RECORDS SHOWN:
------

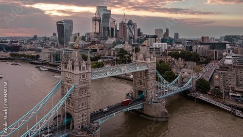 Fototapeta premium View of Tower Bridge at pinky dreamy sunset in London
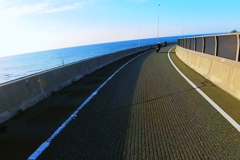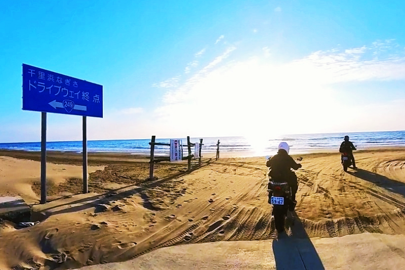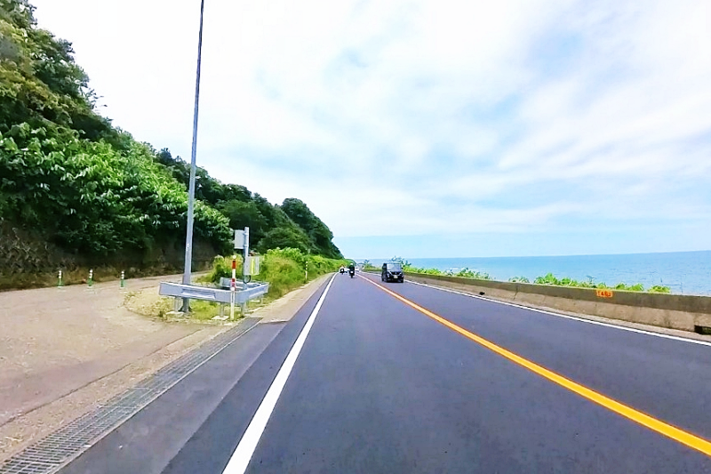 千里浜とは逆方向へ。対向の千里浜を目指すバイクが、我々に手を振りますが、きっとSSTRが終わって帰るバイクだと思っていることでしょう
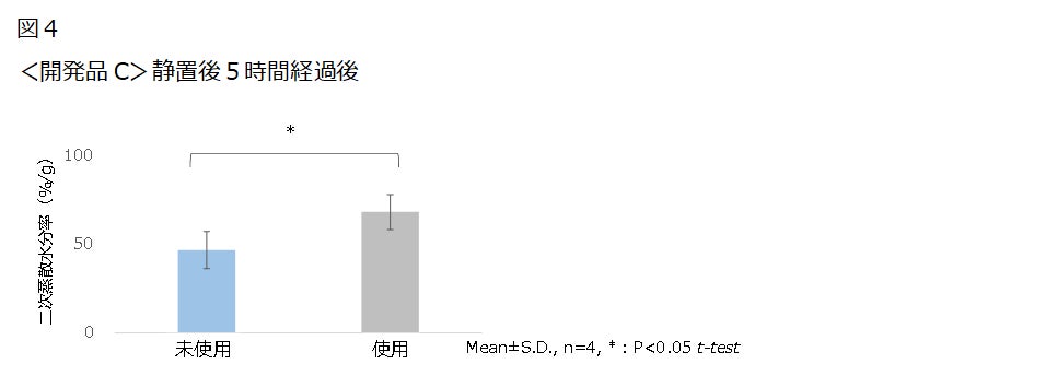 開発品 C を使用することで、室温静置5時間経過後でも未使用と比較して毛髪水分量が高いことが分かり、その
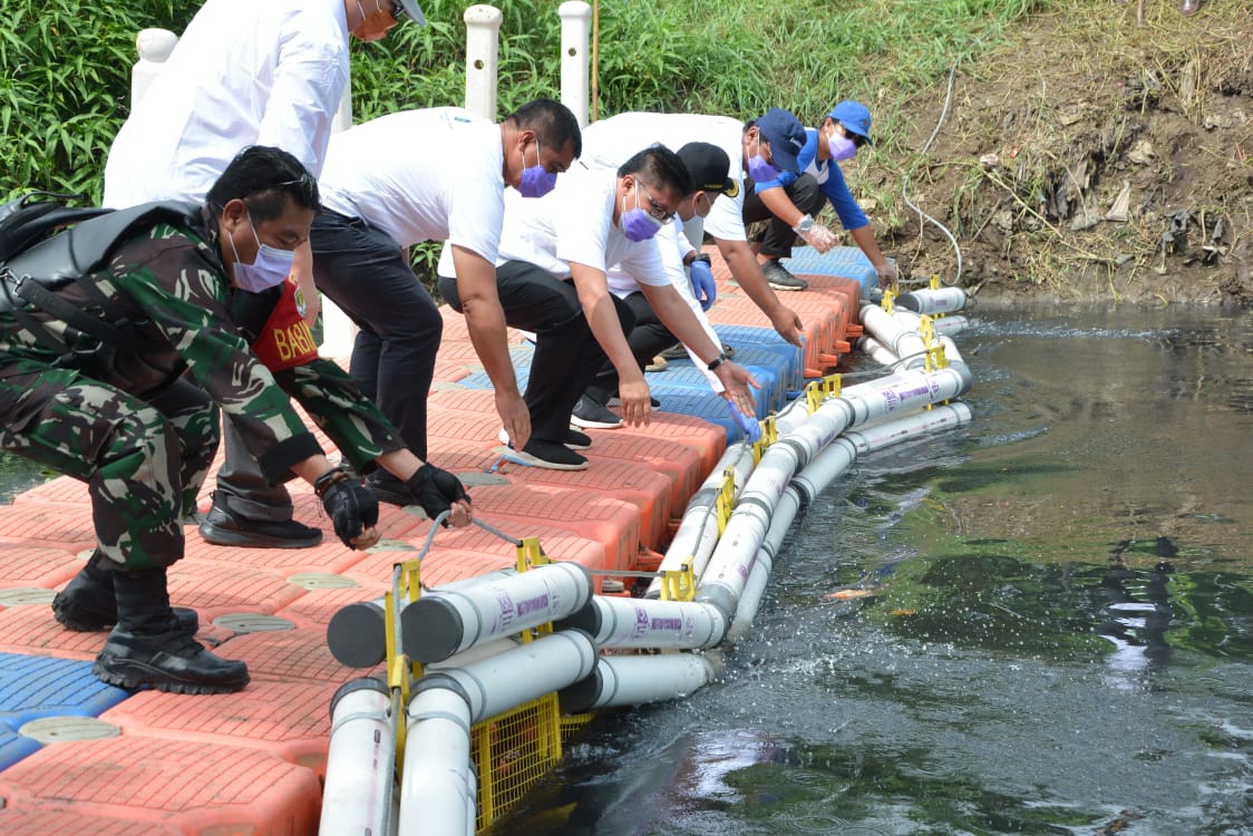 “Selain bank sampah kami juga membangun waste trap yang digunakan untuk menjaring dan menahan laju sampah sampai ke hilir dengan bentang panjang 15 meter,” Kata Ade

------

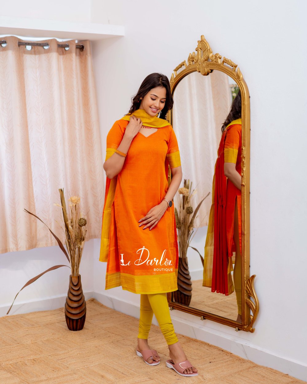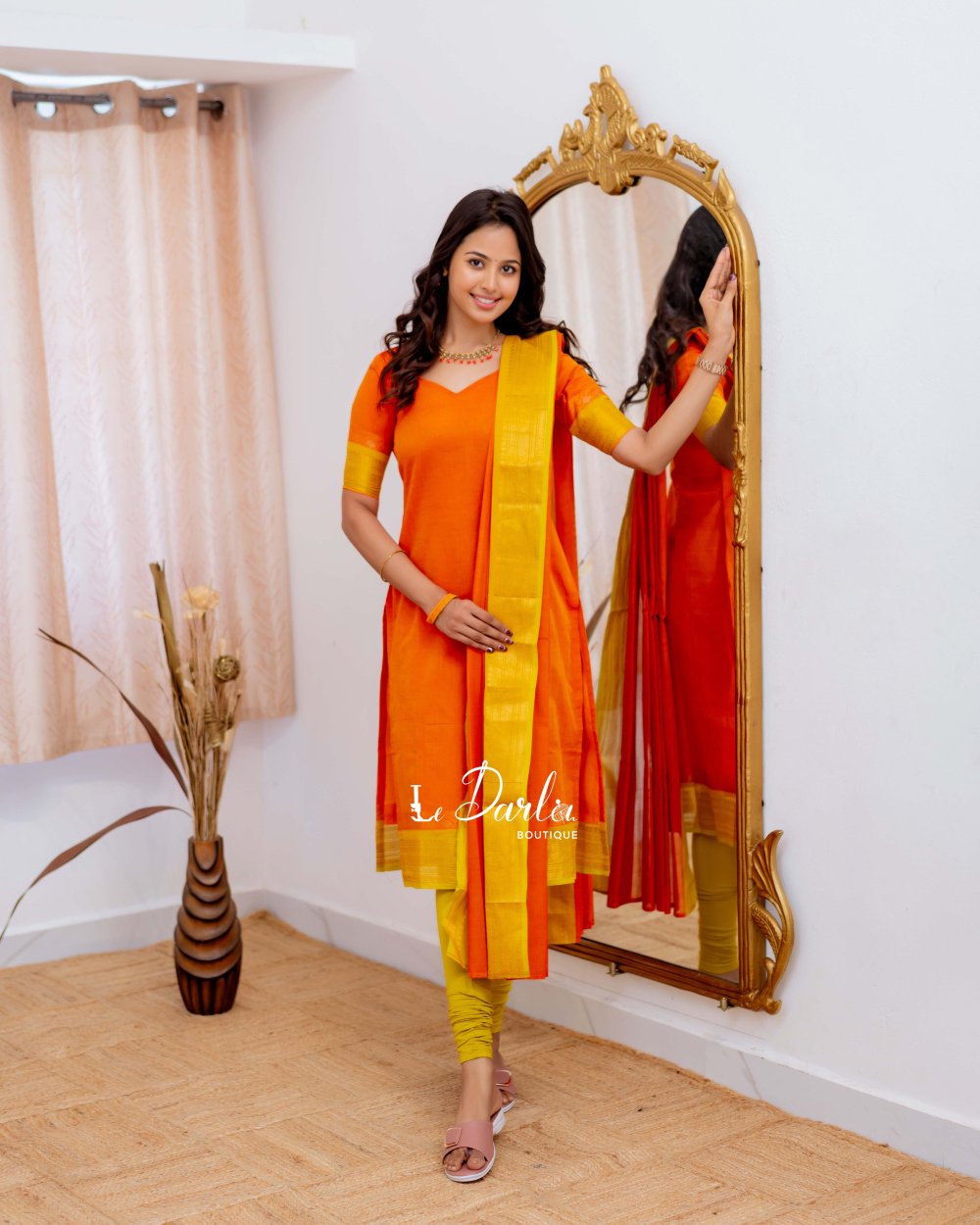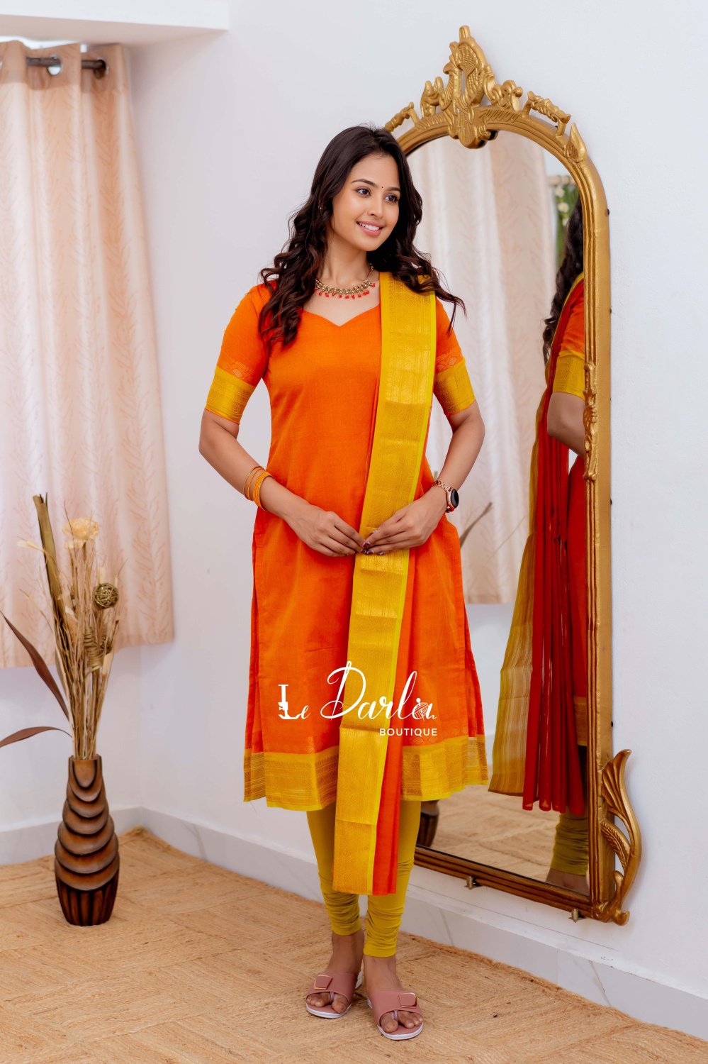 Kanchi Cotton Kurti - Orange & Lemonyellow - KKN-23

------

AIM OF THE TASK: Line for line, output the entries above from the line with "Fototapeta premium View" to the line with "bank sampah kami", both included, and nothing more. Skip pictures.

ANSWER BOX:
 Fototapeta premium View of Tower Bridge at pinky dreamy sunset in London
 千里浜とは逆方向へ。対向の千里浜を目指すバイクが、我々に手を振りますが、きっとSSTRが終わって帰るバイクだと思っていることでしょう
 開発品 C を使用することで、室温静置5時間経過後でも未使用と比較して毛髪水分量が高いことが分かり、その
 “Selain bank sampah kami juga membangun waste trap yang digunakan untuk menjaring dan menahan laju sampah sampai ke hilir dengan bentang panjang 15 meter,” Kata Ade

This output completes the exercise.